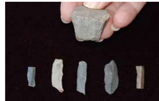
細石刃と細石刃核

細石刃核から割り取られたのが細石刃。木の柄にたくさんはめ込んで使用する。(P20に使用想定図あり)
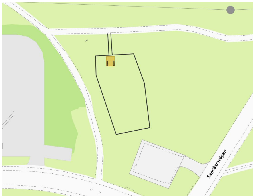
Bilden visar skiss på ny hundrastgård i Sköndal
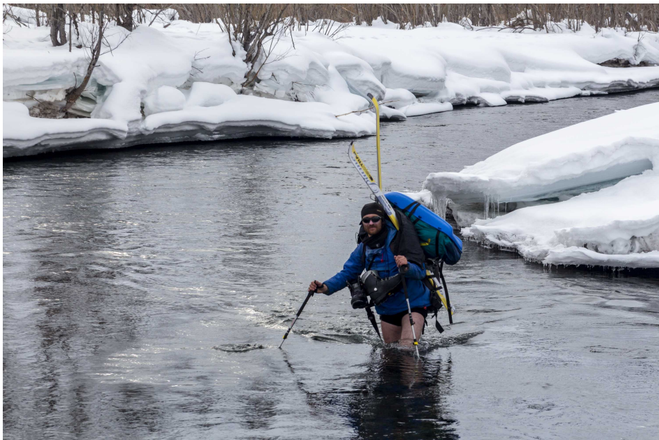
Фото 98. Брод реки Зелёная
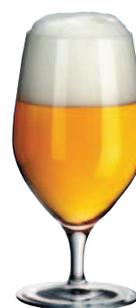
BIRRA 11 Capacità 410 ml Altezza 161 mm Diametro 81 mm Conf. 6 pz. Art.-Nr. 85 010 011 (neutro) 111 (0,1 l linea) 211 (0,2 l linea) Degustazione
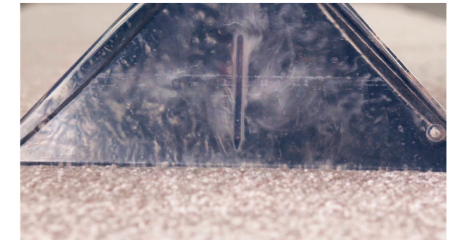
Anschließendes Aufsaugen des Schmutzes, inkl. Flüssigkeit.

Glasklare Polster-Sprühdüse zur Reinigung von Polstermöbeln oder Fahrzeugsitzen. Ergonomischer Handgriff mit handlichen, bequemen Bedienelementen. Die Sprühfunktion ist per Bedienelement am Handgriff dosierbar.
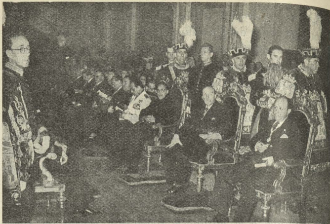
El Ayuntamiento, en Corporación, asiste a la misa de pontifical celebrada en la santa iglesia catedral el día de San Isidro, Patrono de Madrid.

productos hortícolas madrileños, y a continuación, grupos de coros y danzas de la Organización Femenina interpretaron danzas y bailes de la provincia.
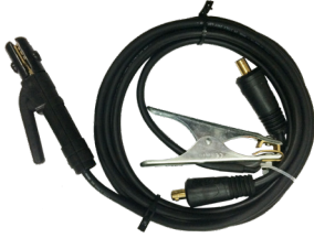
Welding cables 200A Jeu de câbles 200A
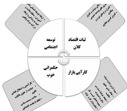
شکل ۲- شرایط لازم برای تاب‌آوری اقتصادی (بریگو گلیو، ۲۰۰۸: ۷)

متغیرهای اصلی تاب‌آوری اقتصادی عبارت‌اند از: اول، متغیرهای اقتصادی که توسط پایداری اقتصادی کلان و کارایی اقتصاد بررسی می‌شوند؛ دوم، متغیرهای اجتماعی - سیاسی که از سوی حکمرانی سیاسی خوب و توسعه اجتماعی مورد بررسی قرار می‌گیرند در شکل ۲ شرایط لازم برای تاب‌آوری اقتصاد و متغیرهای اصلی آن آمده است.
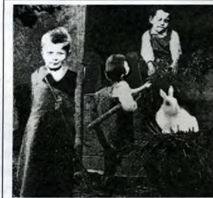
Děti v ústavu krmí králíky
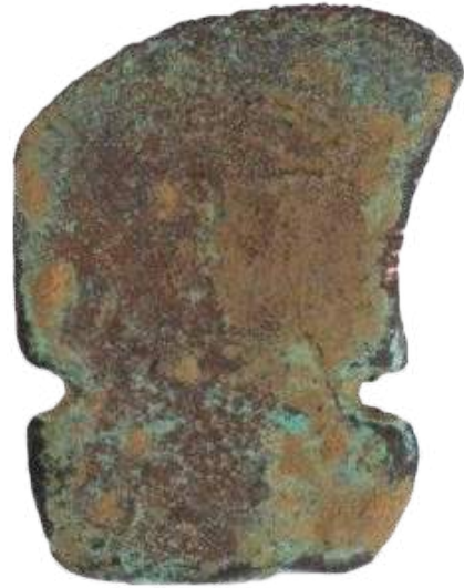
Hacha de piedra probablemente usada en actividades agrícolas

El patrimonio arqueológico es importante, y su preservación y gestión es responsabilidad de todos los ciudadanos, al ser parte de nuestra historia y un legado de nuestros ancestros. En este contexto y durante los últimos 10 años, Lundin Gold, junto con especialistas en arqueología y ramas afines, desarrollaron el Programa de Investigación Arqueológica . Estos estudios se desarrollaron con autorización y control técnico del Instituto Nacional de Patrimonio Cultural Zona 7.
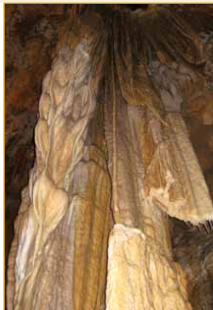
V Kostanjeviški jami takšo lepoto tö leko vidimo. Do gnes je njeni 2 km tau poznani, depa speologi eške tadale iškejo. Pravijo, ka je eške dukša, kak jo do zdaj poznajo

grato. Njega so pa - kak v Monoštri - bratje cistercijanci gorpostavili. Pa tau tö skur v gnakom časi se je godilo, kak je tau v Monoštri bilau. Že 1252. leta se od Kostanjevice kak od varaša guči. Ja, trno brž je vseküper šlau. Depa zdaj smo več nej v krajini Posavje. Kostanjevica že v krajini Dolenjska stodji. Smo pa že pri enom problemu ali dilemi, če šketi. Odkejc je tau ménje Kostanjevica se narodilo. Prvo, ka bi komi na pamet spadnolo,
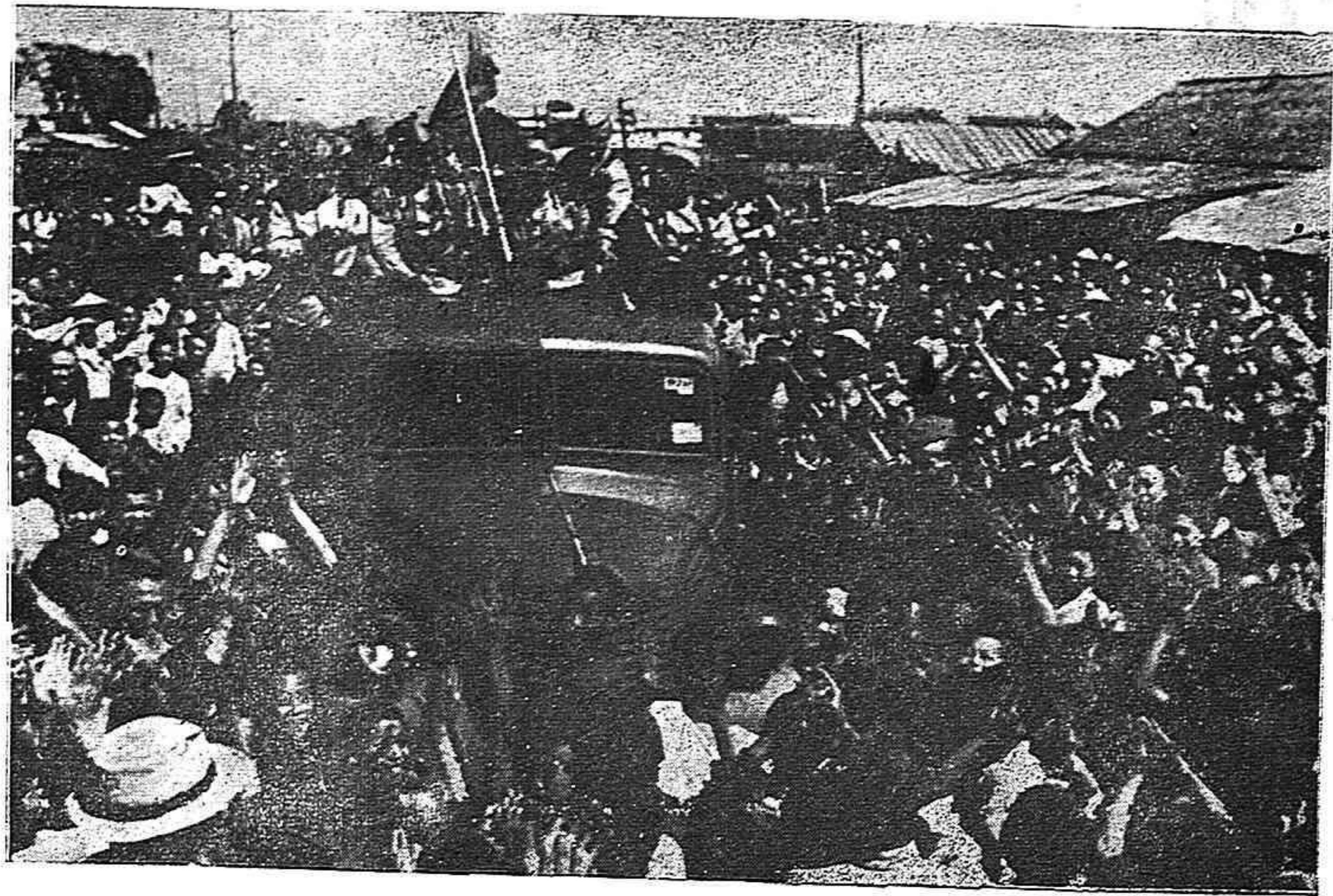
El pueblo de Manchuria acogió con desbordante alegría al glorioso Ejército Rojo en toda la vasta extensión de esa provincia china. En la foto, se ve a una muchedumbre popular en uno de los barrios de la ciudad de Harbin patentizando a los soldados soviéticos su júbilo y cariñosa amistad.
—————
* [WORK TASK] Set the pictures aside and reproduce exactly the lines above, from the line holding "Glasklare Polster-Sprühdüse zur" through the line holding "El Ayuntamiento, en", both included, with nothing else.

* [EXERCISE RESPONSE]
Glasklare Polster-Sprühdüse zur Reinigung von Polstermöbeln oder Fahrzeugsitzen. Ergonomischer Handgriff mit handlichen, bequemen Bedienelementen. Die Sprühfunktion ist per Bedienelement am Handgriff dosierbar.
El Ayuntamiento, en Corporación, asiste a la misa de pontifical celebrada en la santa iglesia catedral el día de San Isidro, Patrono de Madrid.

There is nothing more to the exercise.